Masses for the dead in the United States were said throughout
Europe in the days after September 11th, and the piece uses ambient
sound and found pieces of story to approach the subject of how
truly complicated these events are, both contemporarily and historically.
Picasso said, "Wars
end. Hostilities go on forever." But
in this story, we find there is an equally powerful bond between
those who have survived terror—and their compassion for each other
also endures.
Co-authored with Russell Martin, Kissing the Ground is a story about real love in the trenches. It’s about the painful upheaval and dramatic transformation that are often required by the choice to live life with passion. The couple join their lives word-by-word through a shared love of language and the lively art of storytelling--as they share their histories and the hidden longing that forges their connection.
For young audiences
The true story told in The Mysteries of Beethoven’s Hair takes middle-grade readers into the worlds of music, history, and science with startling revelations and a real life mystery solved. Written by Lydia Nibley and Russell Martin, the book is scheduled for publication by Charlesbridge in 2009.
Under the pseudonym Dia Valentine, Lydia Nibley writes books for the runny nosed set. Recent picture book titles include The Wave, Your Own Strong Song, Belle's Elephant, and The Hippopotamus and the Soda Cracker Tree.
Lydia Nibley created ZiNj Magazine and ZiNj TV to involve children of all ages in exploring the sciences using "dinosaurs, fossils, ancient people, and other really old stuff" as a lure to stimulate curiosity and improve science literacy. In addition to producing an award-winning oversized magazine and 26 half-hour syndicated television programs, ZiNj sponsored the development of original research conducted by children in partnership with professional scientists and involved older children in serving as role models and teachers for younger children.
One Good Turn
One Good Turn is a comprehensive media campaign to raise public awareness about the needs of particular nonprofit organizations for funding, volunteer support, and in-kind donations.

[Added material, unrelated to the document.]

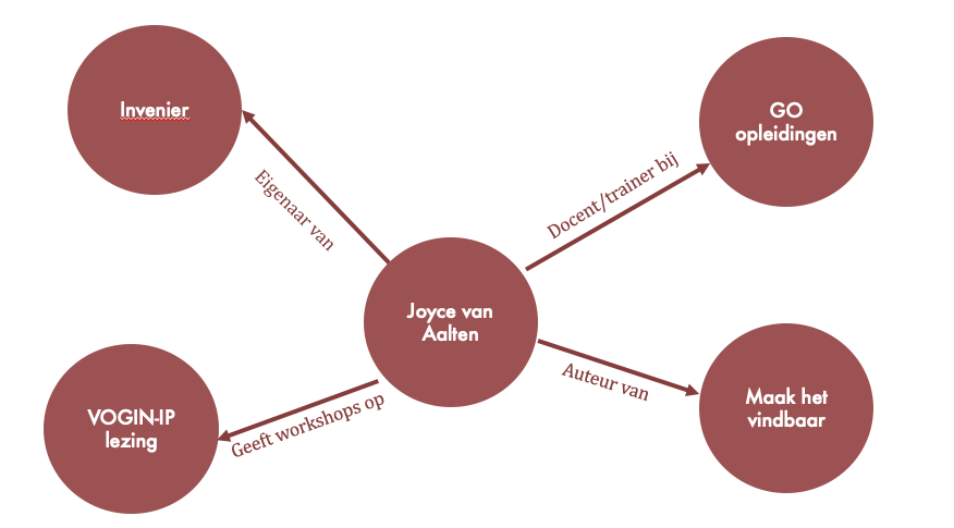 Ik deel graag mijn kennis met geïnteresseerden. Dat doe ik bijvoorbeeld door het schrijven van artikelen en boeken. Zo ben ik mede-auteur van het leerboek “Maak het Vindbaar”. Daarnaast geef ik regelmatig presentaties en workshops. Dat doe ik in opdracht van organisaties, maar ook op openbare congressen, seminars en netwerkbijeenkomsten, waaronder de Taxonomy Boot Camp London en VOGIN-IP lezing. Via GO Opleidingen verzorg ik trainingen op het gebied van vindbaarheid, informatiestructuren, infographics en SharePoint/Office 365.
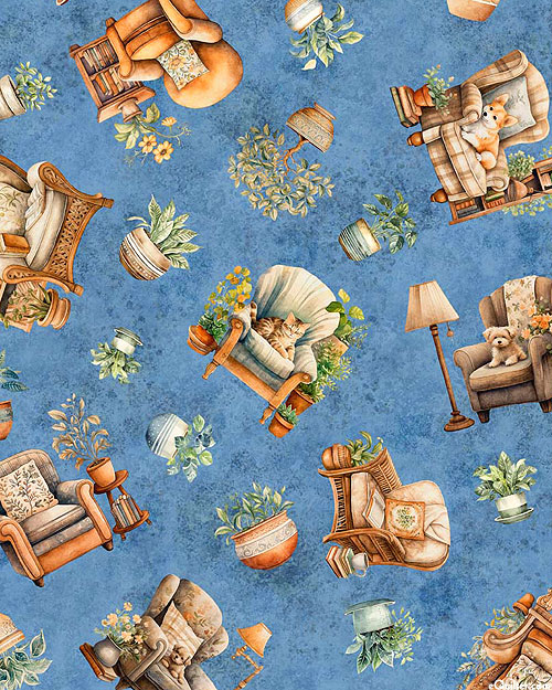 Cozy armchairs are tossed amongst a variety of house plants, with some of the armchairs being occupied by napping dogs and cats. Digitally printed, larger couches are about 3", from the 'Home Sweet Home' collection by Dan Morris for Quilting Treasures.

The campaign reinforced the importance of service, and presented compelling stories from the various perspectives of the people served by a nonprofit, volunteers and their experiences, and the mission and goals of each organization—in
a collection of true stories. One Good Turn was created by Lydia Nibley
and is owned by MyAssociation.
The Dance of the Masculine and Feminine
A radio program and stage production by the poet Robert Bly, winner of the National Book Award for Poetry, and Marion Woodman, author of numerous books and a renowned Jungian analyst, produced by Lydia Nibley. In the tradition of mythic storytelling, Bly and Woodman explored the depths of connection between men and women who work consciously to achieve balance between the masculine and feminine—both in the inner world of the psyche and the outer world of human experience.